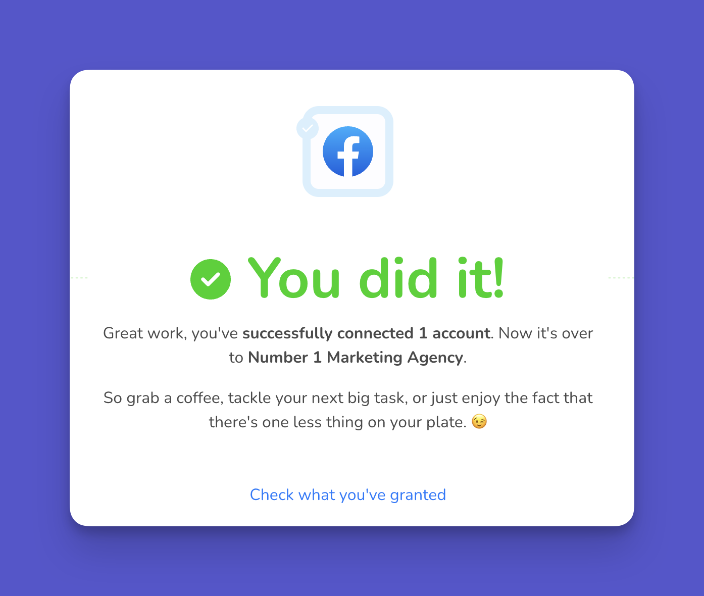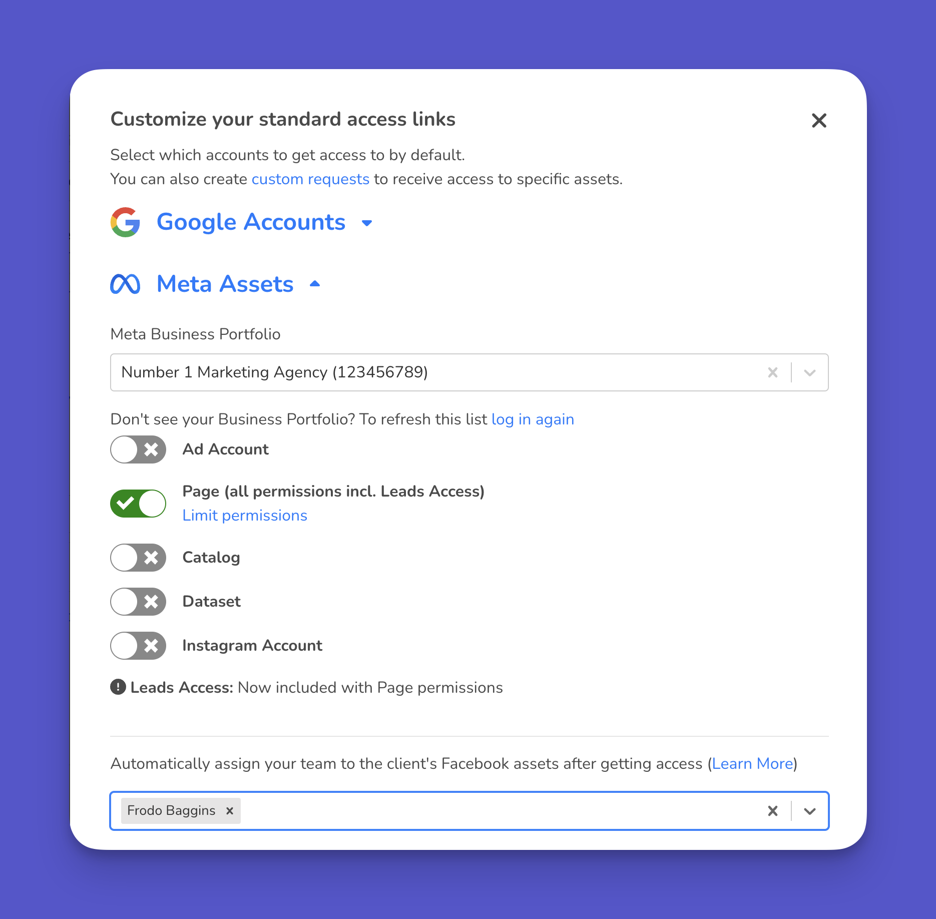 We don’t have to worry about changes in Meta or others when they change their user interfaces, authorization APIs, or access policies. We simply generate a link with the permissions we need to get in Leadsie, send the link, and their webhook alerts our systems as soon as our users grant us access to their pages and assets.
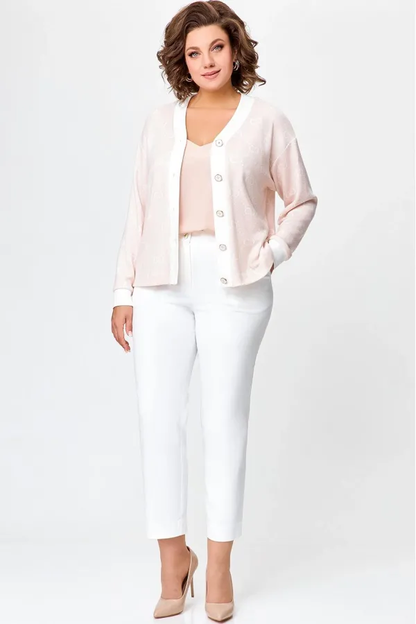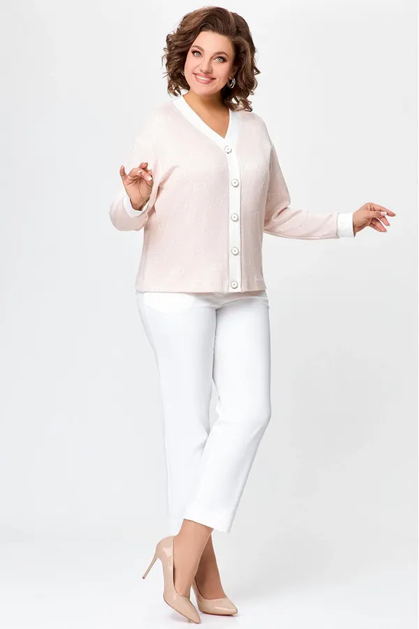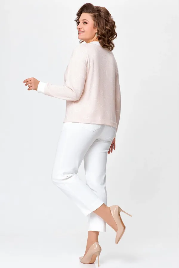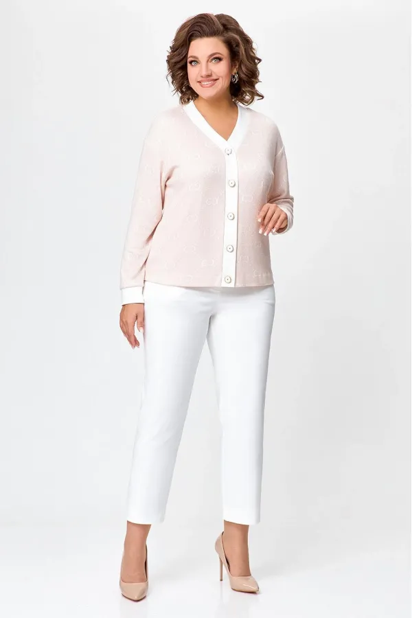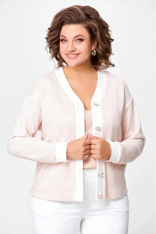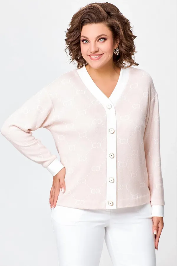 Джемпер женский из мягкого трикотажного полотна. Джемпер прямого силуэта с центральной бортовой застёжкой Спинка цельнокроеная с отрезной кокеткой из отделочного материала по горловине. По переду обработана отрезная пла... Читать далее...
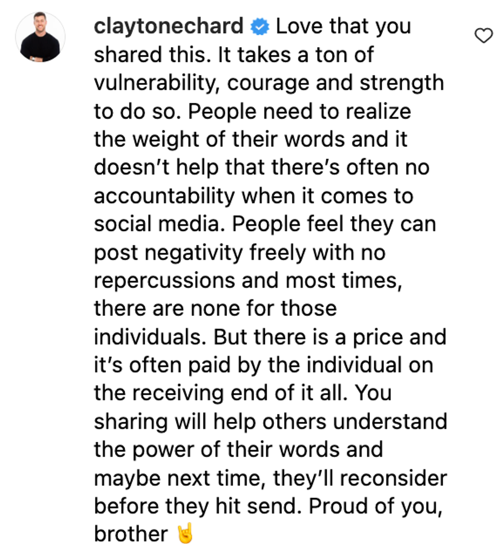 "You sharing will help others understand the power of their words and maybe next time, they'll reconsider before they hit send."
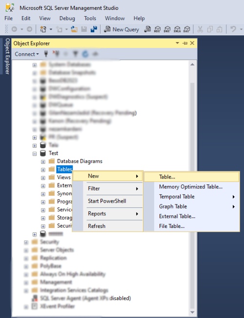 دیتابیس ایجاد شده را از لیست دیتابیس ها پیدا کنید روی اون کلیک کنید سپس روی عبارت Table راست کلیک کرده و گزینه اول NEW --> Table انتخاب نمایید
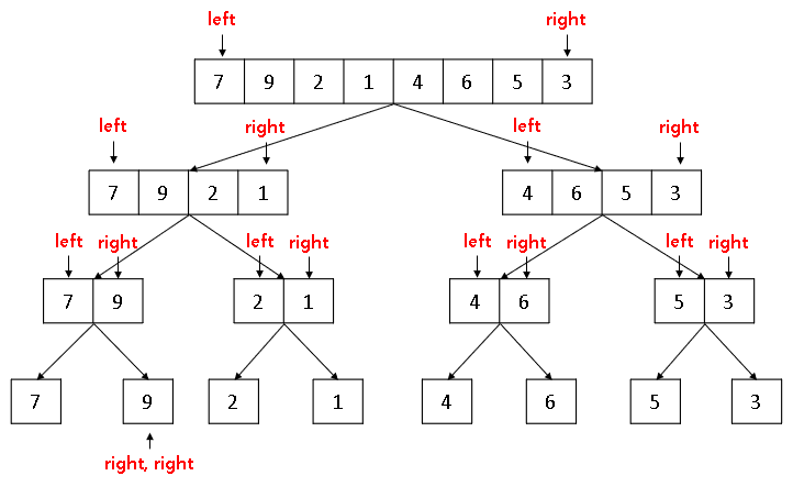 재귀함수르 통해 크기가 = 1 (left >= right)될 때까지 분할 합니다.
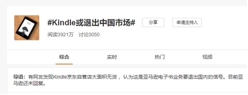 2022年1月,Kindle京东官方直营店大面积缺货。1月4日上午,“Kindle退出中国市场”的消息冲上微博热搜榜首,众多网友在“Kindle中国”官方微博账号下询问相关消息的真实性。
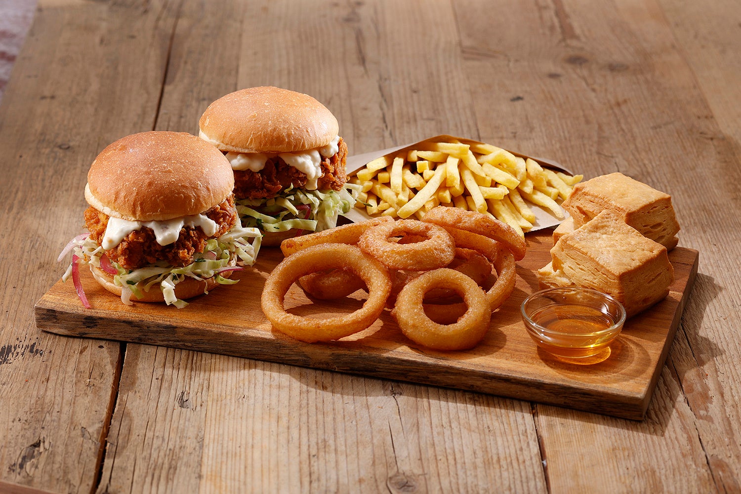 とろけるバターミルクタルタルのチキンバーガー2個、ポテトL×1個、オニオンリングL×1個、ビスケット2個
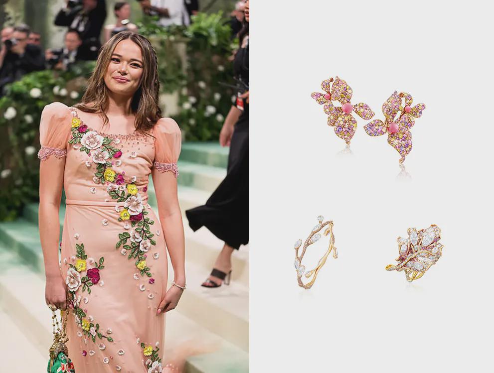 Pick了White Label高级珠宝四季系列树枝手环,以及白钻叶片戒指,母女凑成了一对,同时她还佩戴White Label高级珠宝花园系列的小花耳环,白粉色洋溢着青春活力。
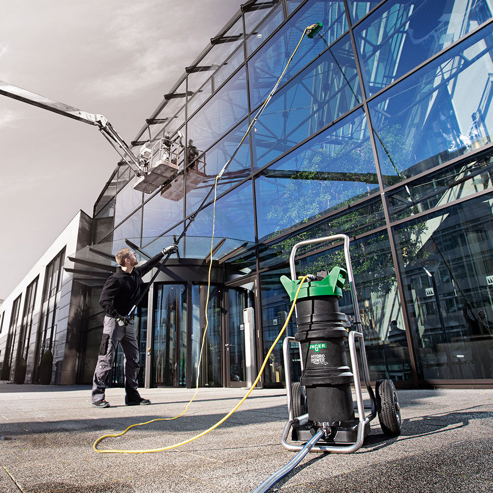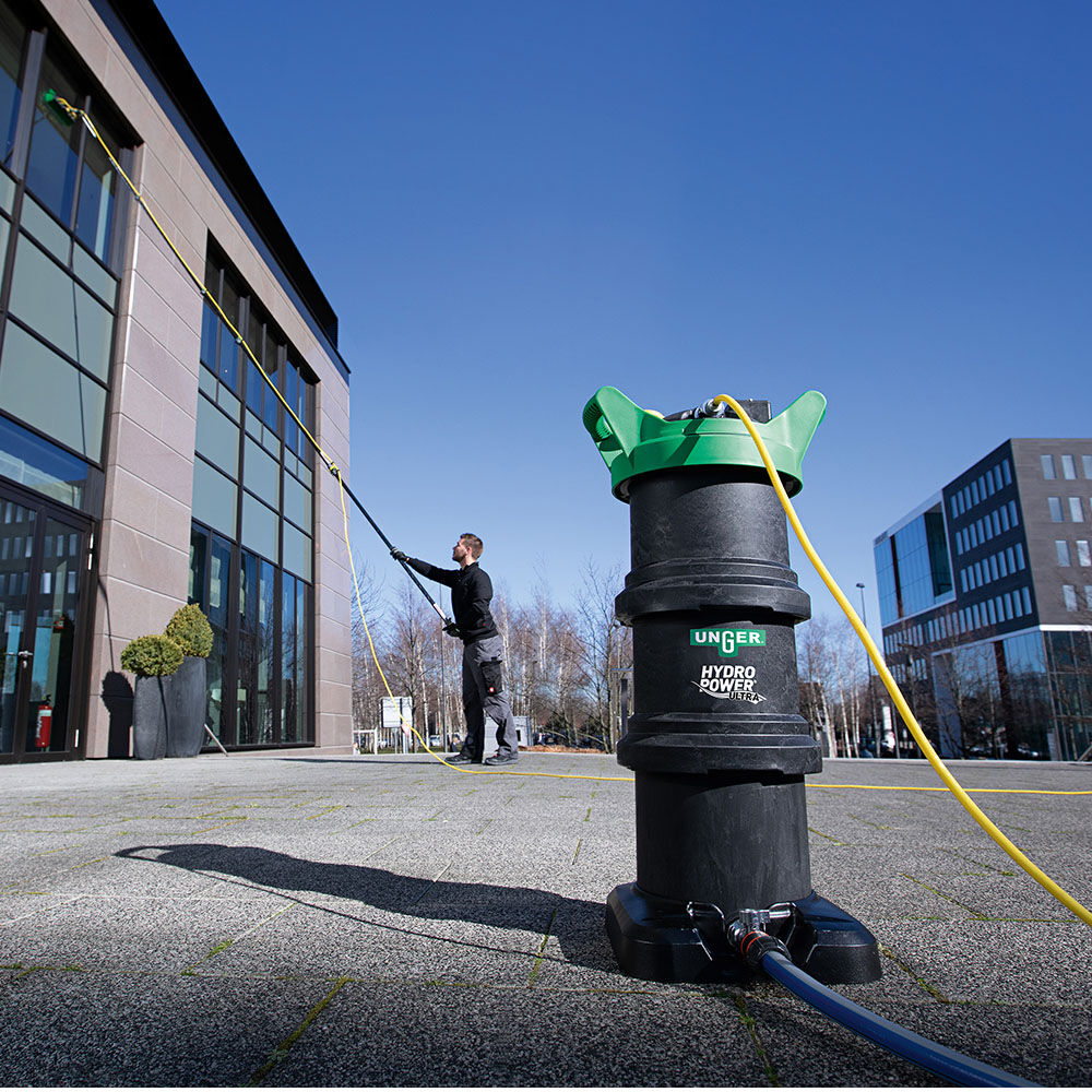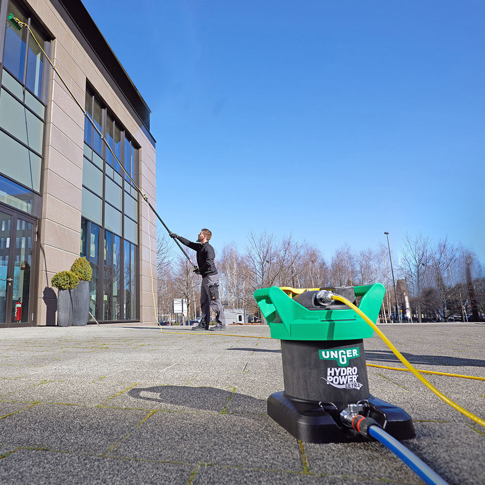 Das UNGER HydroPower Ultra Osmosesystem setzt einen neuen Standard in der Deionisierungsfilter-Technologie für die Reinigung mit Reinwasser. Ein absoluter Mehrwert für jeden professionellen Glas- und Gebäudereiniger.
☆ ☆ ☆
Please output every entry above exactly, without the pictures.

 We don’t have to worry about changes in Meta or others when they change their user interfaces, authorization APIs, or access policies. We simply generate a link with the permissions we need to get in Leadsie, send the link, and their webhook alerts our systems as soon as our users grant us access to their pages and assets.
 Джемпер женский из мягкого трикотажного полотна. Джемпер прямого силуэта с центральной бортовой застёжкой Спинка цельнокроеная с отрезной кокеткой из отделочного материала по горловине. По переду обработана отрезная пла... Читать далее...
 "You sharing will help others understand the power of their words and maybe next time, they'll reconsider before they hit send."
 دیتابیس ایجاد شده را از لیست دیتابیس ها پیدا کنید روی اون کلیک کنید سپس روی عبارت Table راست کلیک کرده و گزینه اول NEW --> Table انتخاب نمایید
 재귀함수르 통해 크기가 = 1 (left >= right)될 때까지 분할 합니다.
 2022年1月,Kindle京东官方直营店大面积缺货。1月4日上午,“Kindle退出中国市场”的消息冲上微博热搜榜首,众多网友在“Kindle中国”官方微博账号下询问相关消息的真实性。
 とろけるバターミルクタルタルのチキンバーガー2個、ポテトL×1個、オニオンリングL×1個、ビスケット2個
 Pick了White Label高级珠宝四季系列树枝手环,以及白钻叶片戒指,母女凑成了一对,同时她还佩戴White Label高级珠宝花园系列的小花耳环,白粉色洋溢着青春活力。
 Das UNGER HydroPower Ultra Osmosesystem setzt einen neuen Standard in der Deionisierungsfilter-Technologie für die Reinigung mit Reinwasser. Ein absoluter Mehrwert für jeden professionellen Glas- und Gebäudereiniger.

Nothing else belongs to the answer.